Une vidéo-poème de David Christoffel : Nawac (11 avril 2008), qui sera exposée à partir du mois de septembre au Centre International d’Art contemporain de Carros, dans une exposition autour de Jean Raine (commissaire : Marcel Bataillard).
Prenons Nawac : images raides de lanterne magique, auxquelles David Christoffel ôte donc le raides sartrien. Cadrage singulier (volontairement distrait d’une visée) de l’auteur, amenant sur le plateau (repas, mais aussi théâtre devenu cinéma) un corps déconstruit. Déconstruit pour être réduit aux mains, le plus souvent. Et cela pour faire parler. Car les mains parlent. Les mains, c’est le corps réduit à ce qui en lui n’est pas convenu. Tant il est vrai qu’il n’est pas possible (n’en déplaise à l’Actors Studio et aux psychologues pour DRH) de rattacher un mouvement de main au déploiement d’un sens, a contrario des expressions du visage qui avant même de se voir portées par le sens du dire (ce moment où les bouches vont parler et où elles ne parlent pas encore) le font se tordre, le font fléchir, le font capituler, le conduisant dans une certaine direction. Mais les mains seules, est-ce encore du corps ? Si le corps c’est l’espace où l’on reconnaît l’inscription de visages, les mains, c’est du corps en devenir. C’est du corps qui n’est pas encore ce en quoi l’on peut reconnaître l’intensité d’un corps (qui est d’être ce qui nous conduit au visage, autrement dit ce qui nous conduit à l’existence du même, autrement dit ce qui confirme, dans son surgissement anodin, notre propre existence). C’est du corps pas encore tout à fait corps et que l’on regarde, observe, dévore des yeux, attentif, pour cela même. Pour cette promesse de croissance qu’elles portent en elles, ces mains. Croissance d’un cadrage qui ferait que serait pris en compte l’ensemble d’un corps. Et serait ainsi confirmée l’existence de notre corps comme ensemble.

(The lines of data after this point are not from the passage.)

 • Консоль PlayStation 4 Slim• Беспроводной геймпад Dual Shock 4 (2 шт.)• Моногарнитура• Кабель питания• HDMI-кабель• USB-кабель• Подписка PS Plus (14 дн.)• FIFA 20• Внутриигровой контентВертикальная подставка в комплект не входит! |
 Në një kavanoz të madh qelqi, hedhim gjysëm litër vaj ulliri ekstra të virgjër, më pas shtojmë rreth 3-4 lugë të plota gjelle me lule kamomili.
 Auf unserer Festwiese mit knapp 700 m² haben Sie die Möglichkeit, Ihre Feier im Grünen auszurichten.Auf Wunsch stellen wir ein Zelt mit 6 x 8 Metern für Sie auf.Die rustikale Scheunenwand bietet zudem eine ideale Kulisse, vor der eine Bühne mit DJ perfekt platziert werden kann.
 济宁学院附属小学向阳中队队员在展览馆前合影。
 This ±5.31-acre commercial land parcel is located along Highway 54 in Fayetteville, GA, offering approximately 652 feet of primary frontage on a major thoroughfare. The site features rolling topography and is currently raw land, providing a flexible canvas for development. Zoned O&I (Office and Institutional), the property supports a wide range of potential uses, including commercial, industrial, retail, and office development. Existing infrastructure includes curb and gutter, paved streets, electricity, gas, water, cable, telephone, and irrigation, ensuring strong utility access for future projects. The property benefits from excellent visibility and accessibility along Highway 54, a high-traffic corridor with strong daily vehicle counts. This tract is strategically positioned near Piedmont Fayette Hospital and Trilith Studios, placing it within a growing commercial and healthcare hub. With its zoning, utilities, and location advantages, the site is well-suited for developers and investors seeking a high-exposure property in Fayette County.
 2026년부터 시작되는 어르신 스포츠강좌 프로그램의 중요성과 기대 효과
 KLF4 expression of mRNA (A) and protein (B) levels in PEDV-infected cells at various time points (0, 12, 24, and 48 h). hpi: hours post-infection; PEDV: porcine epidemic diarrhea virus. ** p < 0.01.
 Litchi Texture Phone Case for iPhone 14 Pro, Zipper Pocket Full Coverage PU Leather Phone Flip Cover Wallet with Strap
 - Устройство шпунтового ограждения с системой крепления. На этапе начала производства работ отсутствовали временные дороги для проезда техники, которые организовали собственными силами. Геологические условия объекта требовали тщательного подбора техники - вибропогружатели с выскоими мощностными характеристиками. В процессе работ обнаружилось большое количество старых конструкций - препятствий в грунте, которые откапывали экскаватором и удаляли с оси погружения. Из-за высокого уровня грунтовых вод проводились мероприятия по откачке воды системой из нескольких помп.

Christoffel le sait, et pour interdire l’actualisation de cette promesse que porte en elle tout cadrage, fût-il dénaturé et fût-il réduit à sa plus simple expression, il utilise le flou.
Nécessité absolue du flou : les images sont floues parce que chaque morceau du monde, fût-ce une chaise, fût-ce une table (puisqu’il s’agit là d’un déjeuner avec Igor Delmas), porte en lui un sens qui est le pré-acquis du visible et que l’opération du voir vient plaquer sur le vu, avant même que cela soit véritablement vu (compris comme vu). Au-delà de toute figuration du visible, les images parlent, amincies, c’est-à-dire ouvertes à leur seule symbolique, mouvante symbolique où chaque position de la main fait danser l’air et ouvre chaque fragment de sens nouveau d’une gestuelle qui naît et renaît à mesure qu’elle s’affirme (au-delà de tout enracinement temporel et idiosyncrasique qui soit l’enracinement d’un corps) sur un questionnement intérieur. Celui de Christoffel repris à son compte par le spectateur.

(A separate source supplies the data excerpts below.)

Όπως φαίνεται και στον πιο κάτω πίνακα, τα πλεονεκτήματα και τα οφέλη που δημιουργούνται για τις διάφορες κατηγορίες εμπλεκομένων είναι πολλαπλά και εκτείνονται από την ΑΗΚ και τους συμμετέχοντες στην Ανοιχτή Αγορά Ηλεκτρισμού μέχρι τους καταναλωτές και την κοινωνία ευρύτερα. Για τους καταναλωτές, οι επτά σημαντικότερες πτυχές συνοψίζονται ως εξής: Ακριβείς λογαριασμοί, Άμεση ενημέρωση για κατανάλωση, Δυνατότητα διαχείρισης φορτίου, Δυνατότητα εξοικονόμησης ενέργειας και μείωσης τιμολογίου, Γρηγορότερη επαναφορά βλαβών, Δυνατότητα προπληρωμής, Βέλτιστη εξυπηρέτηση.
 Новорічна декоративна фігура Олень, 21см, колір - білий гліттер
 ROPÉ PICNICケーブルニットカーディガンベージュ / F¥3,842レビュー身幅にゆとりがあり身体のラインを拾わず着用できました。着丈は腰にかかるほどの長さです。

Un questionnement sur le silence. Sur le sens du silence. Questionnement qui prend à partie le silence, le faisant exister, au sein même de la matière sonore et musicale, car le silence est cela même qui peut être dévisagé au plus profond de notre trouble.
Du trouble qui s’assoit en nous-mêmes pour épouser l’ensemble des contours de notre intériorité quand on prend en considération l’humain. C’est-à-dire quand on s’aperçoit que l’humain est placé au cœur même du battement du temps et du sens, battement qui s’organise depuis le commencement de l’univers. Le silence est ce qui paraît quand l’humanité est regardée dans le blanc des yeux et que la finitude du monde, et que l’irrévocable du sens jaillissent dans la conscience. « Nous allons parler d’une chose qui ne peut pas être dite. Nous voudrions nous rendre à cet endroit que nous ne dirons pas » (L’Étouffoir oxygéné). Et très doucement, Christoffel s’y rend.